И много есть других «от века утаенных и Ангелам несведомых таинств» Божьего великого и премудрого смотрения, но, тем не менее, Ангелы являются свидетелями величайшего события из всех когда-либо бывших и имеющих быть — воплощения Божия Слова. И, о, преславного чудесе, вестник Божий, предивный Гавриил посылается к Деве Чистей и является свидетелем дивного, безмужного зачатия Слова от Девы. Зачатия и воплощения Бога-Сына, Которого Отца он никогда не видал, предстоя вместе со всеми остальными ангельскими воинствами Престолу Неразделимой Троицы — Отца, Сына, и Святаго Духа.
«Послан бысть с небесе Гавриил Архангел благовестити Деве зачатие и, пришед в Назарет, помышляше в себе, чудеси удивляяся. О, како, в высших непостижим сый, от Девы раждается, имеяй престол небо и подножие землю, во утробу вмещается Девичу. На Негоже шестокрилатии и многоочитии зрети не могут, словом единым от сия воплотитися благоизволи. Божие есть Слово настоящее, что убо стою и неглаголю Деве: радуйся, Благодатная, Господь с Тобою, радуйся, Чистая Дево; Радуйся, Невесто Неневестная, радуйся, Мати Живота, благословен плод чрева Твоего». [108] Так служит Архангел Гавриил в воплощении Слова.
«Радуйся, Гаврииле, тайновидче Божия воплощения,»[109] поет Церковь собеседнику Богоматери и Захарии, «Гавриилу, таиннику благодати и Девы обручителю честному».[110]

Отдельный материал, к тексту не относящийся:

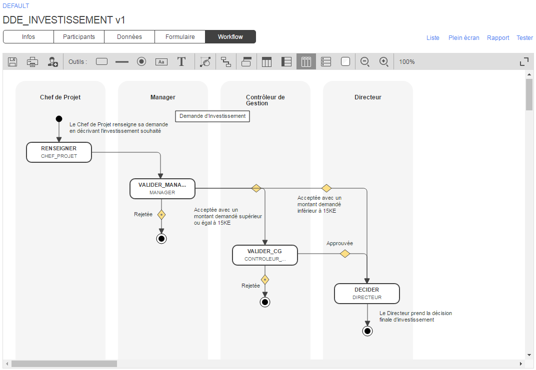 • Workflow (vue Graphique ou Liste)

«Великое таинство, первое Ангелом неведомое и прежде века соблюдаемое, единому уверися тебе» (Гавриилу).[111] И на следующий день по Благовещении Церковь возносит хваление и мольбы Гавриилу Архангелу, празднуя его Собор и отличает особенными литургическими тонкостями наш устав в этот день. На вечерни на «Господи, воззвах» поется 11 стихир, то есть больше, чем когда-либо,[112] даже больше, чем в воскресенье, и присоединяется к 11 стихире стих: «Творяй Ангелы своя духи и слуги своя пламень огненный», ибо духа Своего служебного Гавриила посылает вестником и слугой к Деве Чистой, благовещать велию радость и тайну.
***
Безчисленно воинство Небеснаго Царя, величественней во много-много крат любой земной рати, тьмы тем их и тысящи тысящ. Как небо украшено звездами в ясную июньскую ночь, когда коростель поет среди колосьев, сверкают зарницы и пахнет цветущей рожью и пылью, так подобно мириадам звезд и Царство Славы украшено предстоящими Богу воинствами небесными, оставшимися послушными Господу духами.

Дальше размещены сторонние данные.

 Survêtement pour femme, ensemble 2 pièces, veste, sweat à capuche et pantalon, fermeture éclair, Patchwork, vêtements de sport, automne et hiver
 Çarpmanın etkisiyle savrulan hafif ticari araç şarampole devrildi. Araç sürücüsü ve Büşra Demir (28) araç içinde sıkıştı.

Сияет неизреченным блеском и светом Престол Царя Славы, и предстоят Престолу Мария Дева и Иоанн Предтеча, — се дивный «Деисус», — возносящие молитвы за весь мир и предстательствуют честные небесные Силы Бесплотные за человеческий род. Кто изочтет их? Кто опишет их? Никто! Разве может кто из мудрейших звездочетов переписать и сосчитать все звезды на ризе Господа Царя? Разве может кто из ученейших богословов исчести воинство Небесного Владыки?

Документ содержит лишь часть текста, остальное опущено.